> **STUDY MATERIAL**:
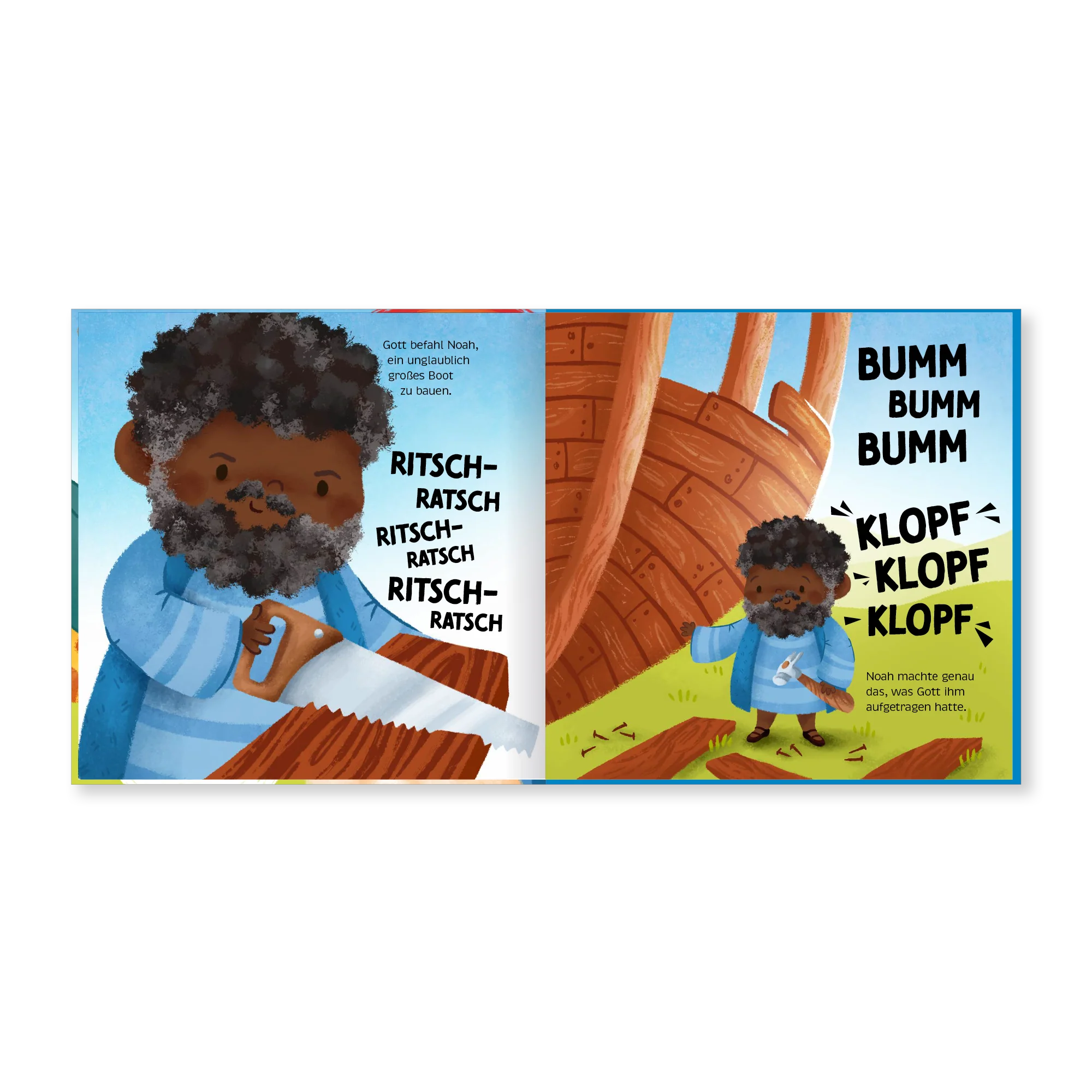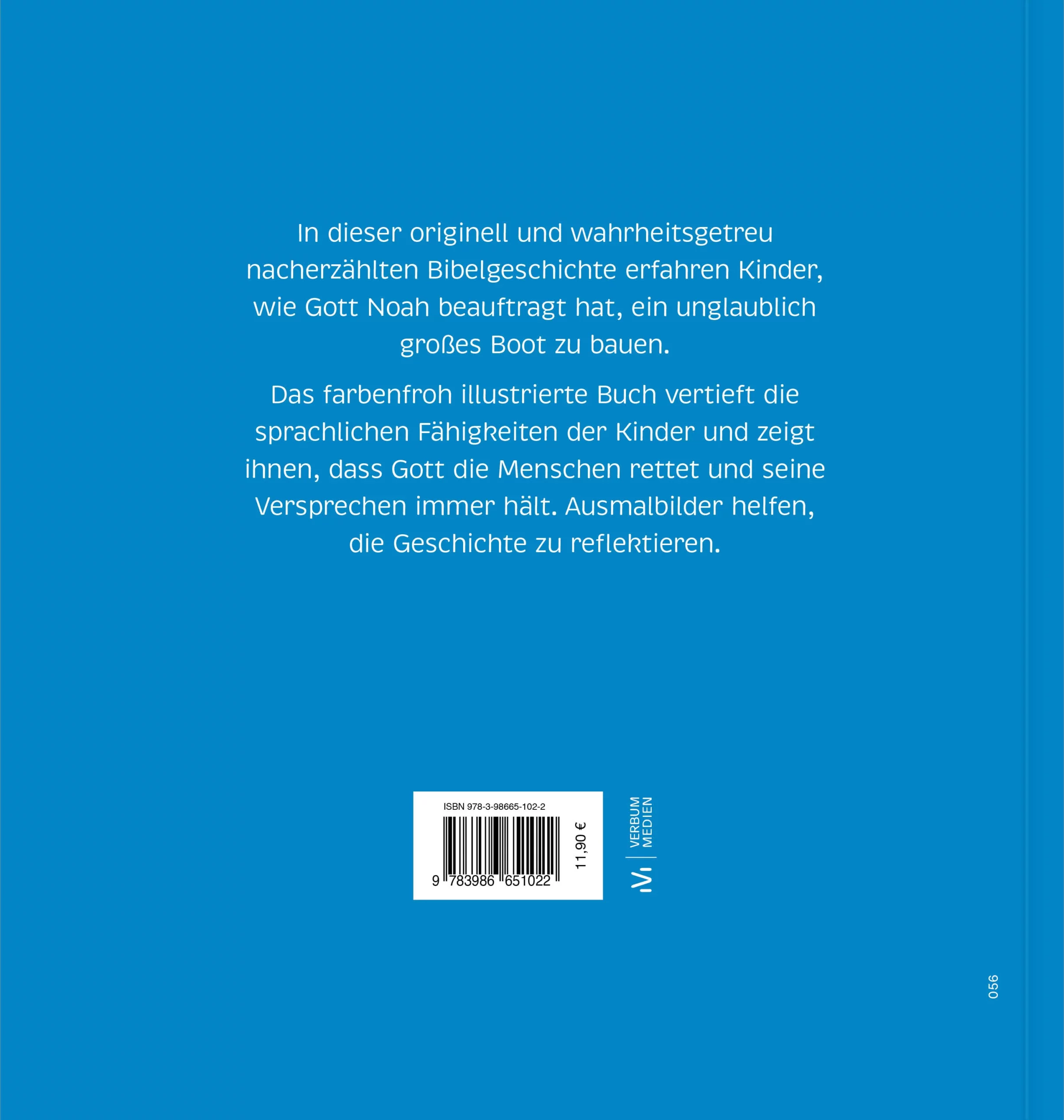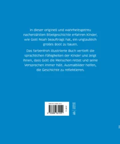 In dieser originell und wahrheitsgetreu nacherzählten Bibelgeschichte erfahren Kinder, wie Gott Noah beauftragt hat, ein unglaublich großes Boot zu bauen. Das farbenfroh illustrierte Buch vertieft die sprachlichen Fähigkeiten der Kinder und zeigt ihnen, dass Gott die Menschen rettet und seine Versprechen immer hält. Ausmalbilder helfen, die Geschichte zu reflektieren.
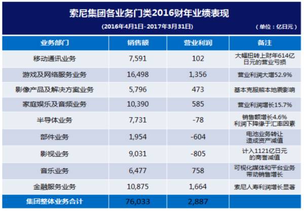 但反观索尼音乐业务就不太一样了,我们从索尼在今年四月公布的2016年财报可以看出,音乐业务的收益是除去游戏及网络服务业务和金融服务业务以外创造营业利润最多的一项业务。
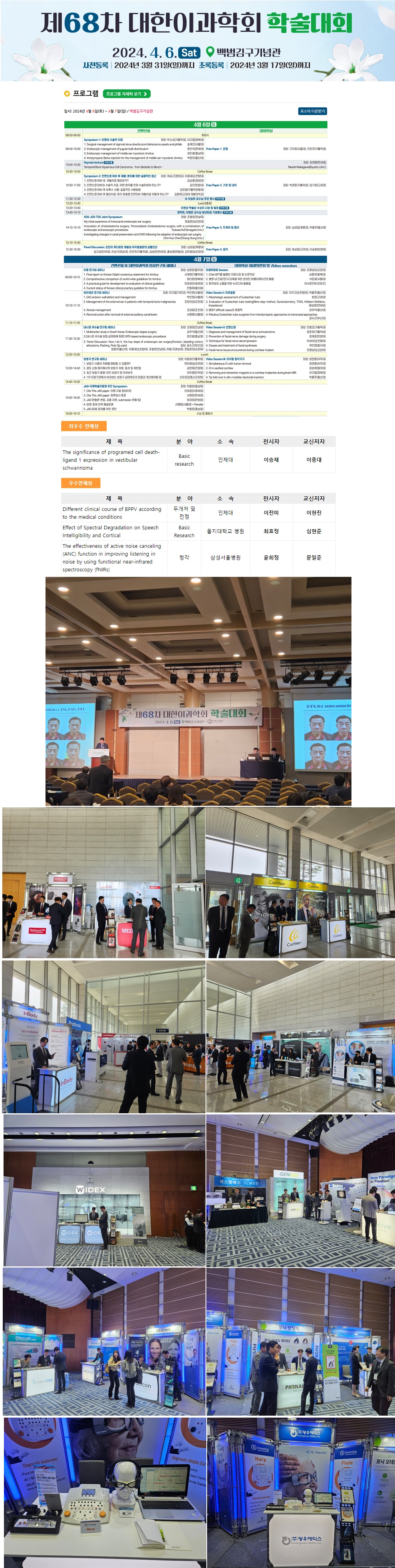 광우메딕스(주)는 2024년도 제68차 대한이과학회 학술대회에 참석하여 자리를 빛내주었습니다. 대한이과학회는 4월 6일(토)-7일(일) 양 일간 진행하기로 예정되었으나 최근 의료계 사태로 인해 4월 6일 토요일 하루로 축소하여 진행하게 되었습니다. 4월 6일 프로그램은 예정대로 진행하였으나 구연 발표는 진행하지 않고 포스터 전시로 대체되었으며 4월 7일 프로그램은 의료계 사태 해결한 뒤 따로 진행하거나 또는 내년 2025년도에 이과학회 학술대회로 순연하여 진행할 예정이라고 하였습니다. |
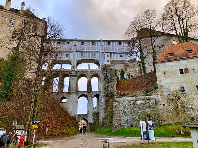 สถานที่แรกก็คือ Český Krumlov Castle ที่ตั้งอยู่บนเนินใกล้กับใจกลางเมือง สร้างขึ้นตั้งแต่ศตวรรษที่ 13 ด้วยสถาปัตยกรรมผสมผสานระหว่างโกธิค บาร็อค และเรเนซองค์ ภายในประกอบด้วยหลายส่วน เช่น ห้องโถงใหญ่, ทางเดินยาว, Castle theater, Cloak Bridge และสวนกลางปราสาท ใครมาเที่ยวเมืองนี้ต้องห้ามพลาดการถ่ายรูปมุมสองของปราสาทที่สามารถมองเห็นเมือง Český Krumlov ได้อย่างชัดเจนและสวยงามมาก (บอกตามตรงว่าบางคนอาจจะเห็นว่ามันสวยมากจนอุทานเป็นคำหยาบเลยก็ได้ 😁)
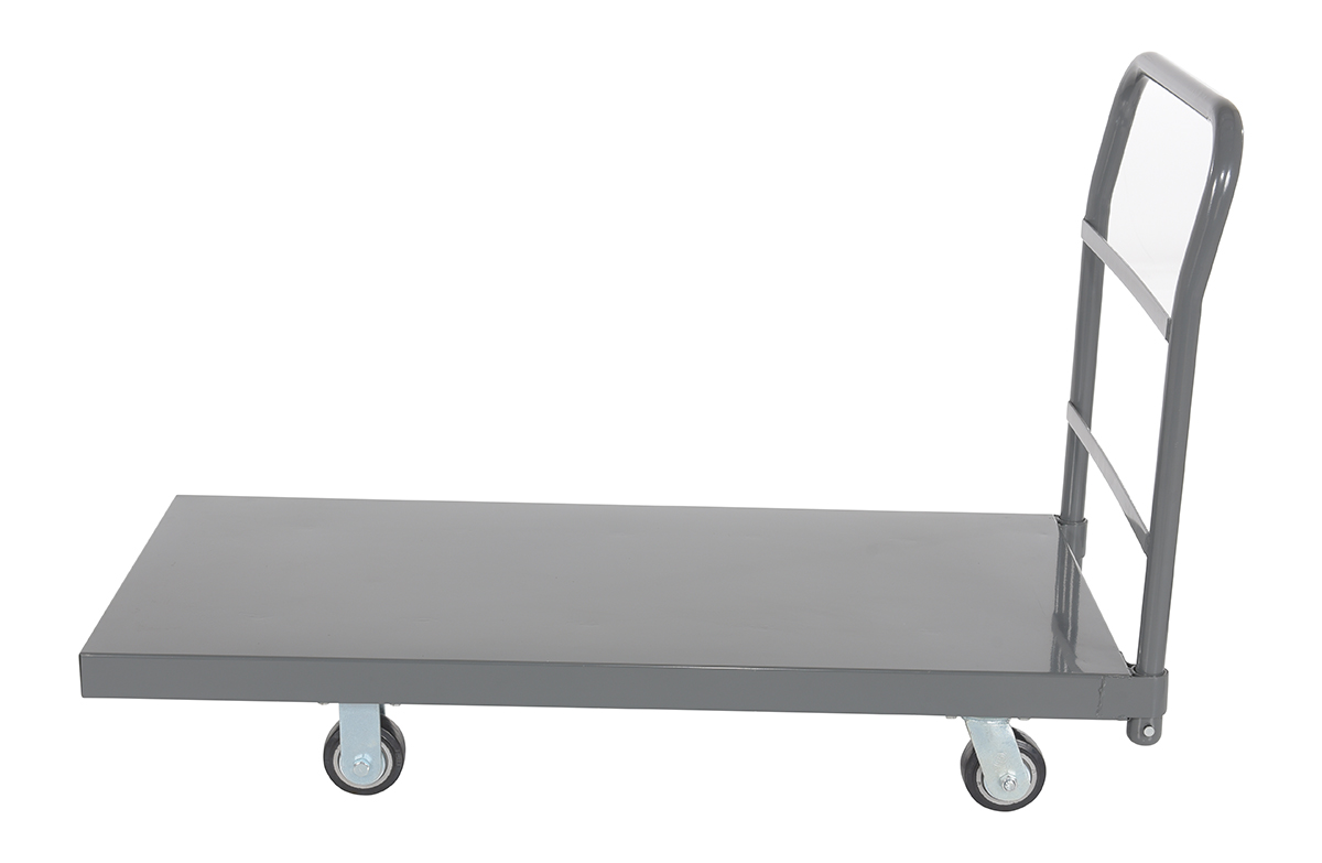 Steel Smooth Deck Platform Truck with 4 In. x 2 In. Mold On Rubber Casters 2000 Lb. Capacity GrayThis steel platform truck with a solid, smooth steel deck is all welded and features structural reinforcement underneath for extra strength. Includes one (1) removable high-polished steel handle and rolls smoothly casters. Comes standard with a floor lock.

> **WHAT IS REQUIRED**: Copy each line above exactly, with no images.

> **TASK SOLUTION**:
 In dieser originell und wahrheitsgetreu nacherzählten Bibelgeschichte erfahren Kinder, wie Gott Noah beauftragt hat, ein unglaublich großes Boot zu bauen. Das farbenfroh illustrierte Buch vertieft die sprachlichen Fähigkeiten der Kinder und zeigt ihnen, dass Gott die Menschen rettet und seine Versprechen immer hält. Ausmalbilder helfen, die Geschichte zu reflektieren.
 但反观索尼音乐业务就不太一样了,我们从索尼在今年四月公布的2016年财报可以看出,音乐业务的收益是除去游戏及网络服务业务和金融服务业务以外创造营业利润最多的一项业务。
 광우메딕스(주)는 2024년도 제68차 대한이과학회 학술대회에 참석하여 자리를 빛내주었습니다. 대한이과학회는 4월 6일(토)-7일(일) 양 일간 진행하기로 예정되었으나 최근 의료계 사태로 인해 4월 6일 토요일 하루로 축소하여 진행하게 되었습니다. 4월 6일 프로그램은 예정대로 진행하였으나 구연 발표는 진행하지 않고 포스터 전시로 대체되었으며 4월 7일 프로그램은 의료계 사태 해결한 뒤 따로 진행하거나 또는 내년 2025년도에 이과학회 학술대회로 순연하여 진행할 예정이라고 하였습니다. |
 สถานที่แรกก็คือ Český Krumlov Castle ที่ตั้งอยู่บนเนินใกล้กับใจกลางเมือง สร้างขึ้นตั้งแต่ศตวรรษที่ 13 ด้วยสถาปัตยกรรมผสมผสานระหว่างโกธิค บาร็อค และเรเนซองค์ ภายในประกอบด้วยหลายส่วน เช่น ห้องโถงใหญ่, ทางเดินยาว, Castle theater, Cloak Bridge และสวนกลางปราสาท ใครมาเที่ยวเมืองนี้ต้องห้ามพลาดการถ่ายรูปมุมสองของปราสาทที่สามารถมองเห็นเมือง Český Krumlov ได้อย่างชัดเจนและสวยงามมาก (บอกตามตรงว่าบางคนอาจจะเห็นว่ามันสวยมากจนอุทานเป็นคำหยาบเลยก็ได้ 😁)
 Steel Smooth Deck Platform Truck with 4 In. x 2 In. Mold On Rubber Casters 2000 Lb. Capacity GrayThis steel platform truck with a solid, smooth steel deck is all welded and features structural reinforcement underneath for extra strength. Includes one (1) removable high-polished steel handle and rolls smoothly casters. Comes standard with a floor lock.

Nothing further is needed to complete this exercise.